Though he added the church intends to replace the housing at La France someday, city Planning Director Nick Norris confirmed that the parish won’t be legally required to do so because it was torn down by order of the city after being declared dangerous.
“Therefore,” Norris wrote in an email, “there was no housing-loss mitigation required.”
Karahalios said funds donated toward a new community center when the big development was still on the table will now go toward future costs of a scaled-down replacement.
“Those are earmarks,” he said of the donations. “We really can’t use those for anything else.”
As to cash donated by parishioners for other aspects of a larger project — such as gifts directed toward Sunday school classrooms, clergy offices, rooftop terraces, a theater and a bookstore — Karahalios said the parish council is aware of a need to be true to those original intentions.
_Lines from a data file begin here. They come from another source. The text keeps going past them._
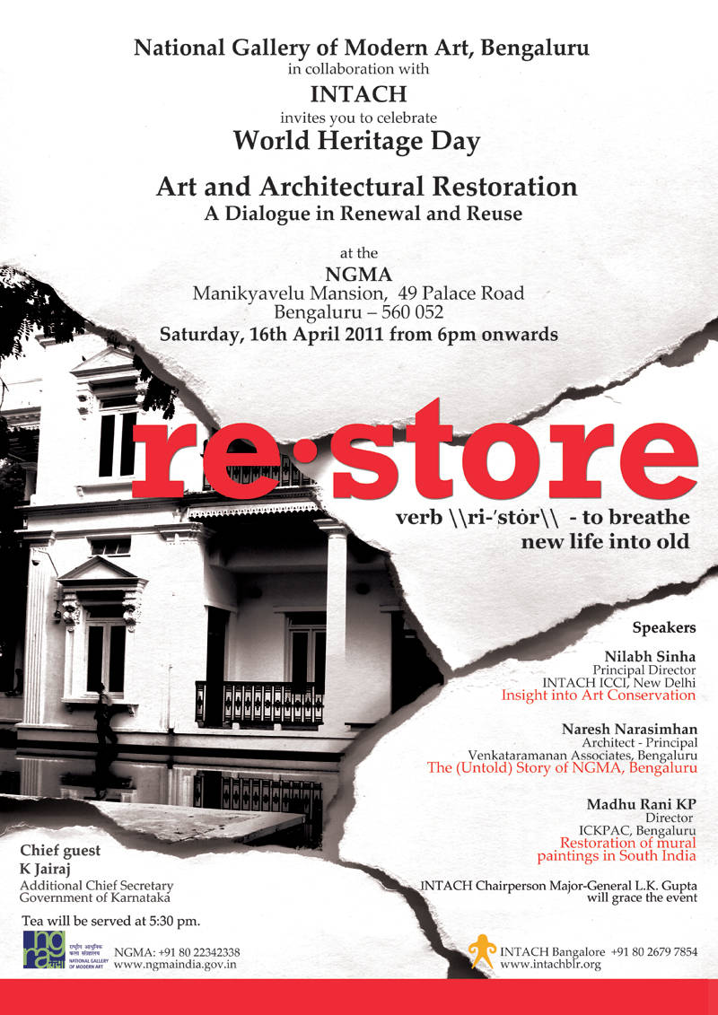 Chief Guest, Mr K Jairaj, Additional Chief Secretary, Government of Karnataka, and INTACH Chairman, Major General L K Gupta, spoke on the need for all stakeholders to invest in the care of 'unprotected' heritage. Ms Shoba Nambisan, Director, NGMA felt the shortage of art restorers despite an art conservation lab in the gallery. INTACH Karnataka State Convenor, Mr Asvathanarayan was also present at the event.
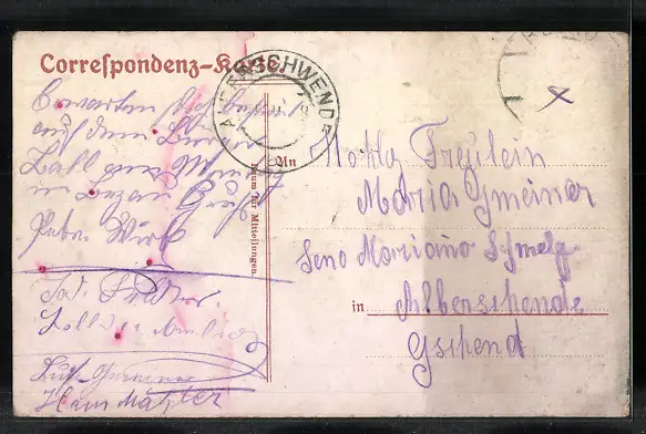 alte Ansichtskarte, gelaufen, Briefmarke entfernt, Eckknick oben links, Abriebspuren an den linken Ecken, guter Zustand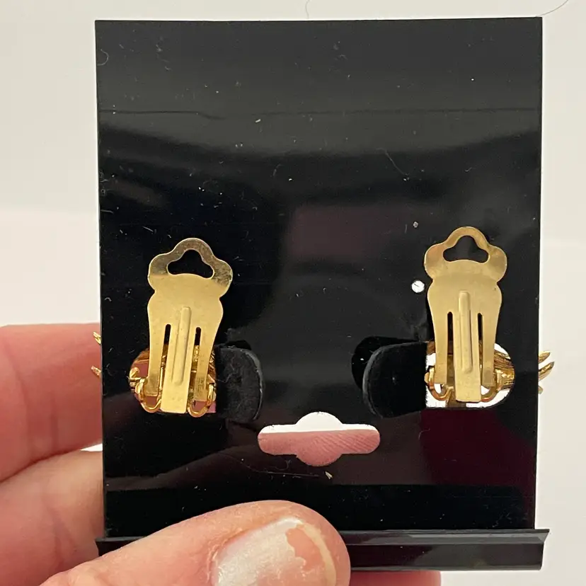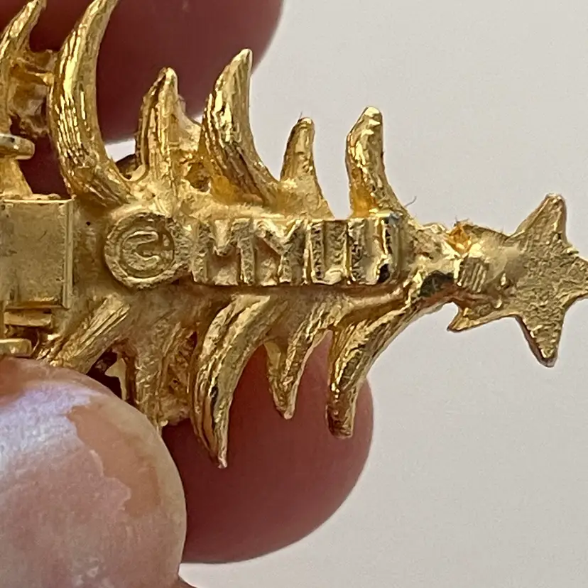 MYLU signed Christmas tree clip earrings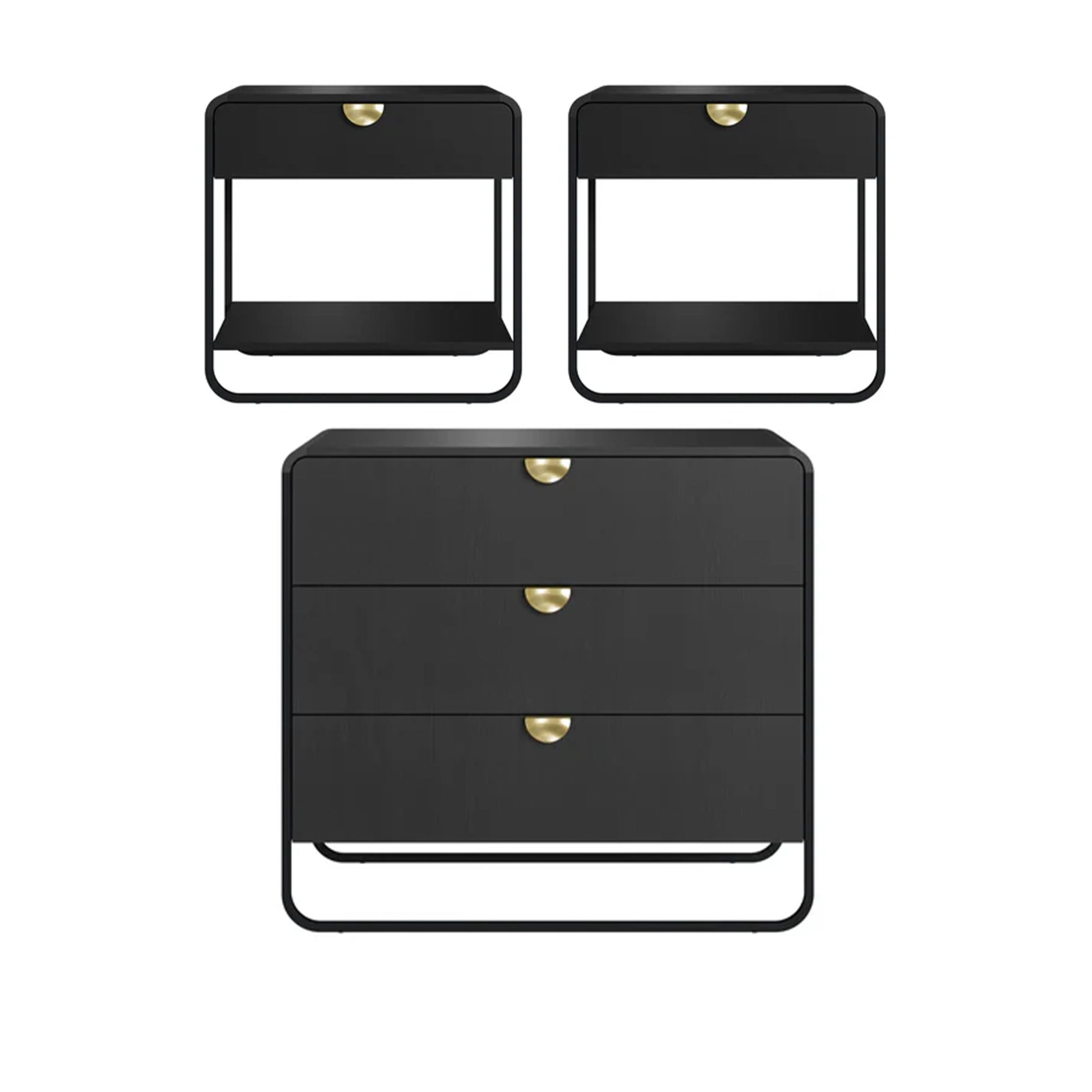 Conjunto 2 Mesas de Cabeceira com 1 Gaveta e Cômoda Dunna - Preto c/ Dourado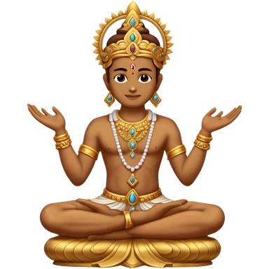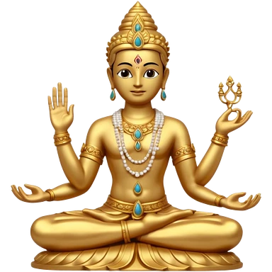 a golden statue of a Hindu deity seated in a yogic posture with one hand in a blessing gesture, adorned with ornate jewelry�. The figure sits on a decorated pedestal, radiating a sacred and traditional aura�. emoji

“We get that. It’s important that we do that,” he said, “but there’s also a lot of the money that came in just saying, ‘This is for the community center. Use it how you want.’ "
‘Connect the dots’
With regard to the prospect of a taxpayer-funded district overhaul being considered up the street by the Delta Center, Karahalios said he had been in touch with organizers of efforts to recognize Japantown as part of the SEG district, mostly to exchange information.
Greek Town and Japantown, he said, “are really two completely different projects.”
Salt Lake City Council member Darin Mano, along with his council colleagues, has supported funding for Japantown renovations and recognition as part of the city’s pending deal with SEG for a sales tax hike to help fund the sports, entertainment, culture and convention district.
Notably, part of what the City Council is considering with the SEG district involves tweaking what’s allowed in some downtown areas, such as permitting much taller buildings. That same zoning also covers the nearly 5 acres the Greek Orthodox Church owns near the cathedral.
So far though, Mano said, Greek Town has not been part of conversations involving the new Delta Center district or Japantown — with one key exception.
Mano said Japantown supporters have proposed creating a museum as part of the 100 South refresh. “Maybe,” he said, “we need to expand the scope of that” to take other histories in the downtown area into account, “and then it could be something to justify an ask to the Legislature for funding.”
“I’d love to see,” Mano added, “if this is something we can connect the dots on.”